[Stored entries]
______
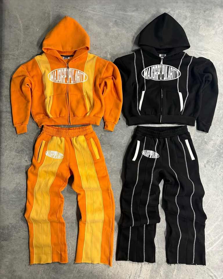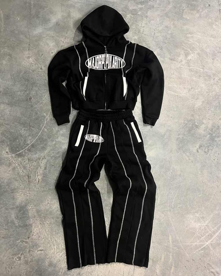 Alta calidad personalizado Puff impreso 100% algodón pesado gran tamaño Jogger conjunto contraste Stitch deportes Sudadera con capucha pantalones de chándal
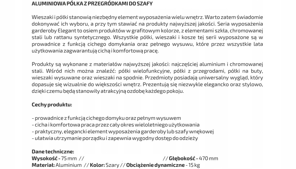 - praktyczny, elegancki element wyposażenia garderoby lub szafy wnękowej
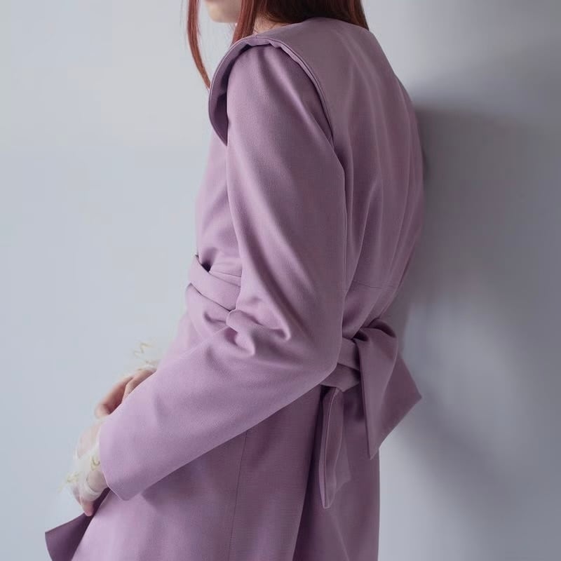 ノーカラー、ウエスト位置の高いシルエットは身体のラインを美しく見せ、
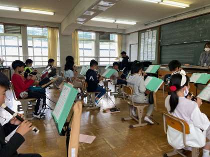 リコーダーで「小さな約束」という曲を練習しています。短調の曲で、短調の響きも感じ取りながら子どもたちは練習を頑張っていました。
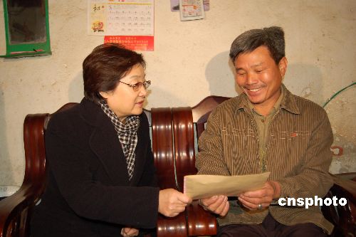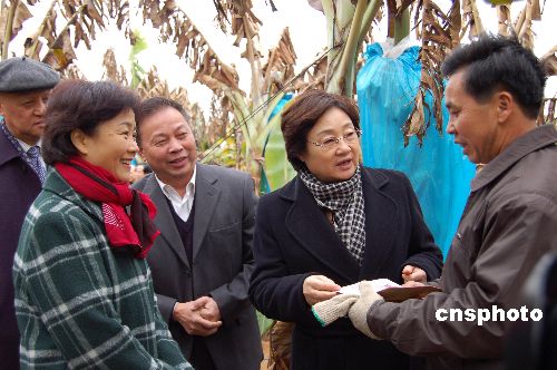 2月3日上午,中国国务院侨办主任李海峰女士一行到遭受冰冻灾害的广西南宁隆安县浪湾华侨农场,考察灾情,慰问受灾归侨。李海峰还代表国务院侨办和海外侨胞,向该农场灾民捐赠三万元人民币。此前2月2日晚,国侨办“侨爱温暖行动”向广西捐赠一百万元人民币。中新社发 刘万强 摄
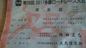 「第36回2017多摩ロードレース(10kmの部)」に参加❣ishikawa2017-03-26T19:52:25+00:00 3月26日(日)午前、今日は地域の皆さんと一緒に「第36回2017多摩ロードレース(10kmの部)」に参加しました!あいにくの雨と練習不足ではありましたが、何とか無事に完走することができました。また、雨の寒い中、小さいお子さんからご年配の方まで、沿道で応援をいただきありがとうございました!また、お知り合いの方が60歳以上の部3位に入賞されたとのことで、凄すぎです!皆さまお疲れ様でした。
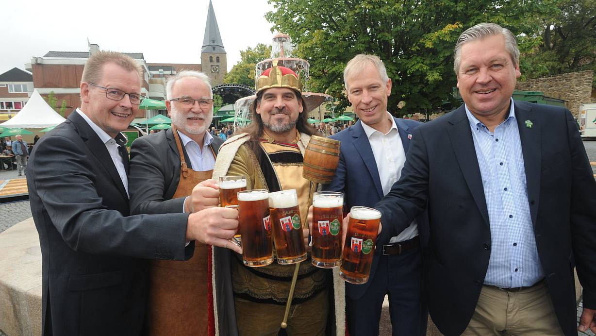 Thomas Holle (Brauerei Barre); v. l.), der stellvertretende Landrat Reinhard Wandtke, Gambrinus, Lübbeckes Bürgermeister Frank Haberbosch und Brauerei-Chef Christoph Barre stießen an. | © Joern Spreen-Ledebur
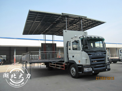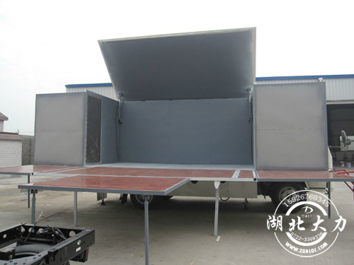專用裝置:折疊式平臺、支腿、頂棚 ;專用功能:作業(yè)時其外側(cè)板和頂板可向上展開升高,內(nèi)側(cè)板向下展開平鋪后, 可形成舞臺的地板。該車是進(jìn)行舞臺文藝表演的專用車輛。選裝車門覆蓋件,前圍及前部燈具.選裝前圍及前部燈具,選裝車門覆蓋件,選裝保險杠,因選裝保險杠引起前懸加長45。側(cè)防護(hù)采用冷彎型鋼/Q235-A,螺栓連接,后防護(hù)采用冷彎型鋼/Q235-A,焊接連接。后防護(hù)截面高度尺寸100mm, 截面寬度尺寸50mm,下邊緣離地高度400mm。
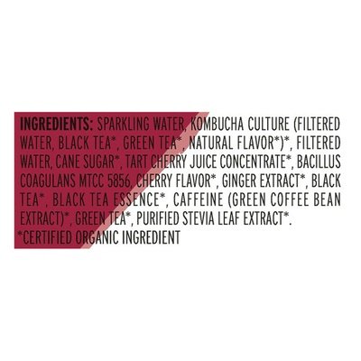 INGREDIENTS: Sparkling Water, Kombucha Culture (Filtered Water, Black Tea (Certified Organic Ingredient), Green Tea (Certified Organic Ingredient), Natural Flavor (Certified Organic Ingredient)) (Certified Organic Ingredient), Filtered Water, Cane Sugar (Certified Organic Ingredient), Tart Cherry Juice Concentrate (Certified Organic Ingredient), Bacillus Coagulans MTCC 5856, Cherry Flavor (Certified Organic Ingredient), Ginger Extract (Certified Organic Ingredient), Black Tea (Certified Organic Ingredient), Black Tea Essence (Certified Organic Ingredient), Caffeine (Green Coffee Bean Extract) (Certified Organic Ingredient), Green Tea (Certified Organic Ingredient), Purified Stevia Leaf Extract (Certified Organic Ingredient).
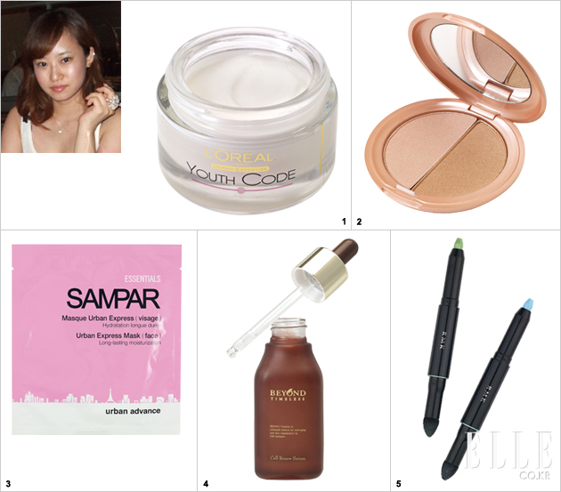 1 로레알 파리 유스코드 리주비네이팅 크림. 5만원. 안색이 급격히 칙칙해졌거나 주름이 도드라져 보일 때 사용해 볼 것. 토너 사용 후 얼굴 전체에 골고루 펴 바르면 생크림처럼 촉촉한 텍스처가 얼굴을 보드랍게 감싸준다. 풍부한 수분이 오일 입자 속에 포함돼 있는데도 번들거리거나 끈적이지 않아 더욱 기특한 제품. 특히 주름 개선에 탁월한 고분자 성분도 듬뿍 함유돼 있으니 깊게 자리 잡은 주름이 신경 쓰이는 곳에 마사지하면서 발라주면 더욱 효과적일 듯. 이 크림을 바른 날엔 수분 크림을 건너 뛰어도 좋다.
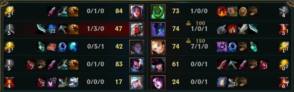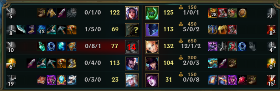 12 percig konkrétan semmi sem történt a laneteken, majd (gondolom) mikor groupoltatok, vagy roamolt a lux, kaptál pár assistot, ezért a magas pontszám, de ha gondolod küldd el a vodot, és megnézhetjük.Még1x és utoljára (tényleg utoljára): nem azért szívják a véred itt, mert rosszul játszol, hanem mert olyan dolgokról írsz novellákat, amik objektívan nézve nem úgy vannak a játékban, ahogy azt te gondolod. Plusz mióta beütötted a platot szerintem kicsit sok lett a "tanító jellegű" ötletelés..
______
**PROBLEM DETAILS**
Output, line for line and exactly, the records above from their first line through the one with "ノーカラー、ウエスト位置の高いシルエットは身体のラインを美しく見せ、", both ends included, but no pictures.

**SOLUTION TO THIS EXERCISE**
 Alta calidad personalizado Puff impreso 100% algodón pesado gran tamaño Jogger conjunto contraste Stitch deportes Sudadera con capucha pantalones de chándal
 - praktyczny, elegancki element wyposażenia garderoby lub szafy wnękowej
 ノーカラー、ウエスト位置の高いシルエットは身体のラインを美しく見せ、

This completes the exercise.